From Random Search to Bandit Learning in Metric Measure Spaces

Random Search is one of the most widely-used method for Hyperparameter Optimization, and is critical to the success of deep learning models. Despite its astonishing performance, little non-heuristic theory has been developed to describe the underlying working mechanism. This paper gives a theoretical accounting of Random Search. We introduce the concept of \emph{scattering dimension} that describes the landscape of the underlying function, and quantifies the performance of random search. We show that, when the environment is noise-free, the output of random search converges to the optimal value in probability at rate $ \widetilde{\mathcal{O}} \left( \left( \frac{1}{T} \right)^{ \frac{1}{d_s} } \right) $, where $ d_s \ge 0 $ is the scattering dimension of the underlying function. When the observed function values are corrupted by bounded $iid$ noise, the output of random search converges to the optimal value in probability at rate $ \widetilde{\mathcal{O}} \left( \left( \frac{1}{T} \right)^{ \frac{1}{d_s + 1} } \right) $. In addition, based on the principles of random search, we introduce an algorithm, called BLiN-MOS, for Lipschitz bandits in doubling metric spaces that are also emdowed with a Borel measure, and show that BLiN-MOS achieves a regret rate of order $ \widetilde{\mathcal{O}} \left( T^{ \frac{d_z}{d_z + 1} } \right) $, where $d_z$ is the zooming dimension of the problem instance. Our results show that in metric spaces with a Borel measure, the classic theory of Lipschitz bandits can be improved. This result suggests an intrinsic axiomatic gap between metric spaces and metric measure spaces from an algorithmic perspective, since the upper bound in a metric measure space breaks the known information-theoretical lower bounds for Lipschitz bandits in a metric space with no measure structure.

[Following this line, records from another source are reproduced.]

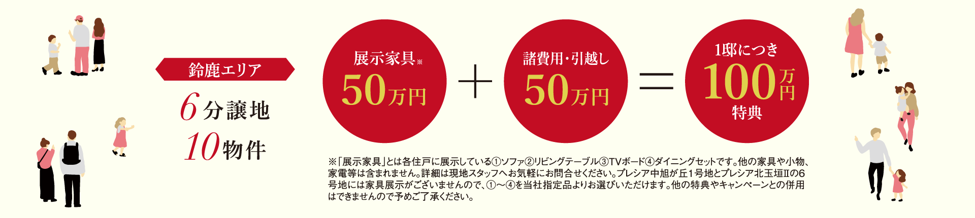※「展示家具付き」とは各住戸に展示している①ソファ②リビングテーブル③TVボード④ダイニングセットです。他の家具や小物、家電等は含まれません。詳細は現地スタッフへお気軽にお問い合わせください。杜の街5-33-4とプレシア中旭が丘1号地には家具の展示がございませんので、①~④を当社指定品よりお選びいただけます。(「選べる家具」と表記しています)他の特典やキャンペーンとの併用はできませんので予めご了承ください。※建物画像は全て現地撮影写真です。
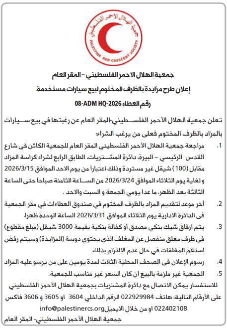 تعلن بلدية الخليل عن رغبتها باجراء مزايدة بالظرف المختوم لضمان ارض البلدية بالقرب من دائرة السيركموقف عام مدفوع الاجر ( 29 2025 HMED) فعلى الراغبين في المزايدة على الموقف، التوجه الى دائرة العطاءات والتوريدات في البلدية اثناء الدوام الرسمي. وفقا للشروط التالية
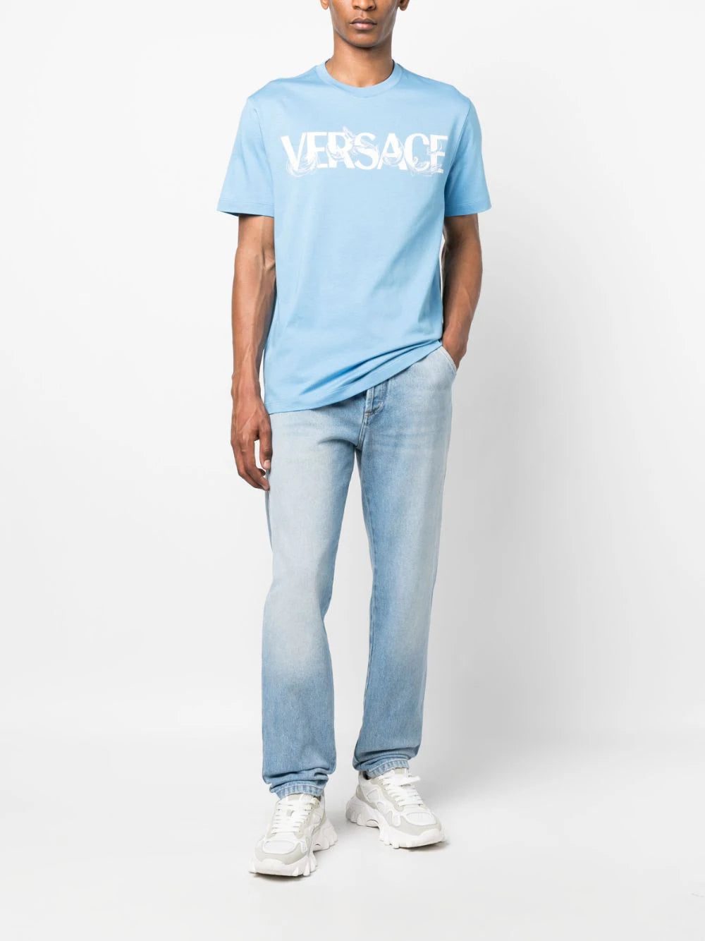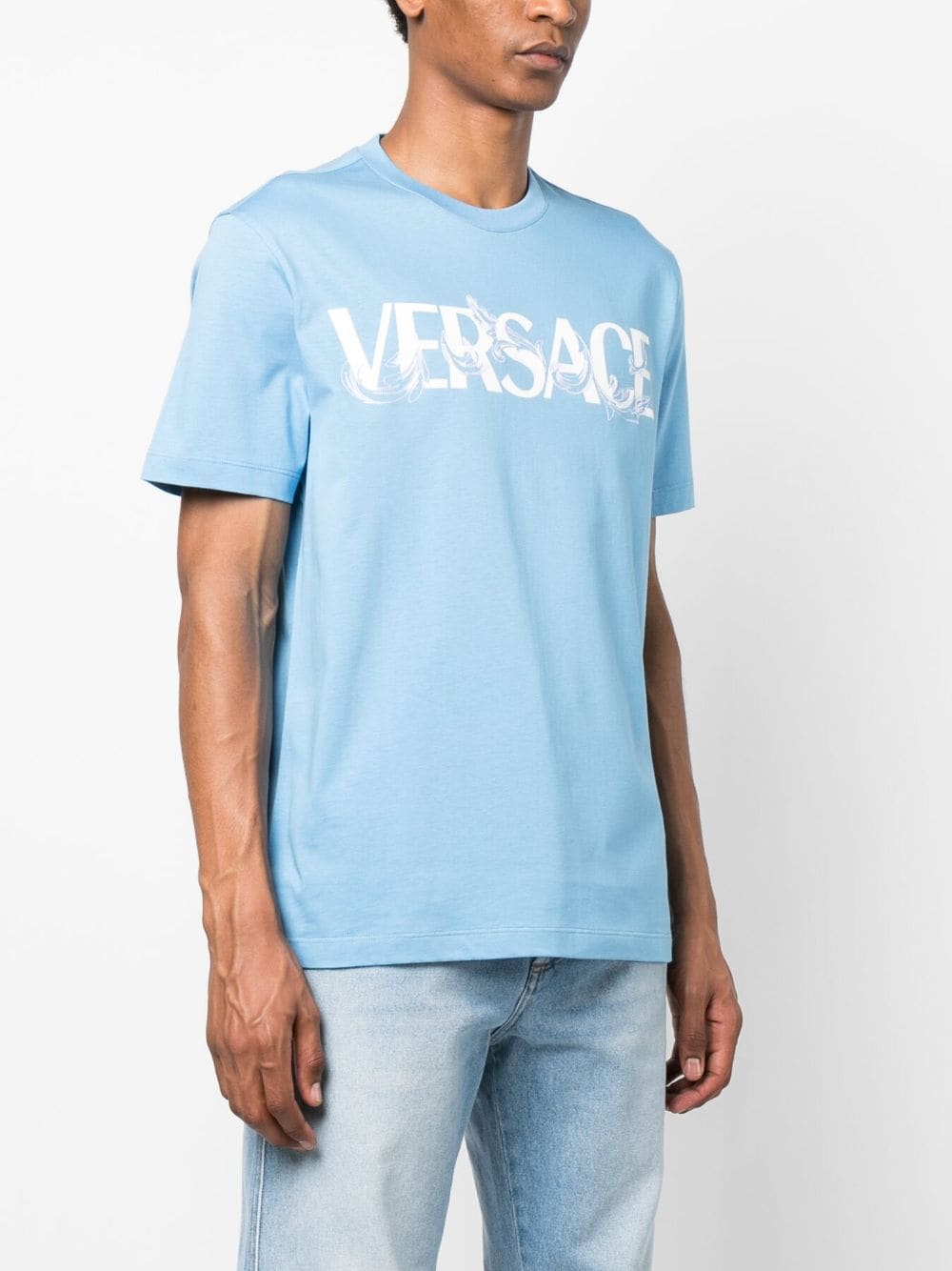 Versace refreshes its signature Barocco print with a subtler design, which appears on this T-shirt in white embroidery, enveloping the logo lettering print at the chest.

翻译：随机搜索是超参数优化中最广泛使用的方法之一，对于深度学习模型的成功至关重要。尽管其性能惊人，但几乎没有非启发式理论描述其潜在工作机制。本文对随机搜索进行了理论解释。我们引入了“散射维数”的概念，该概念描述了潜在函数的景观，并量化了随机搜索的性能。我们表明，当环境无噪声时，随机搜索的输出以概率收敛到最优值，收敛速度为 $ \widetilde{\mathcal{O}} \left( \left( \frac{1}{T} \right)^{ \frac{1}{d_s} } \right) $，其中 $ d_s \ge 0 $ 是潜在函数的散射维数。当观测到的函数值被有界独立同分布噪声污染时，随机搜索的输出以概率收敛到最优值，收敛速度为 $ \widetilde{\mathcal{O}} \left( \left( \frac{1}{T} \right)^{ \frac{1}{d_s + 1} } \right) $。此外，基于随机搜索的原理，我们引入了一种名为BLiN-MOS的算法，用于具有Borel测度的加倍度量空间中的Lipschitz赌博问题，并表明BLiN-MOS实现了阶为 $ \widetilde{\mathcal{O}} \left( T^{ \frac{d_z}{d_z + 1} } \right) $ 的遗憾率，其中 $d_z$ 是问题实例的缩放维数。我们的结果表明，在具有Borel测度的度量空间中，经典的Lipschitz赌博理论可以得到改进。这一结果从算法角度揭示了度量空间与度量测度空间之间存在固有的公理差距，因为在度量测度空间中的上界打破了在无测度结构的度量空间中Lipschitz赌博问题已知的信息论下界。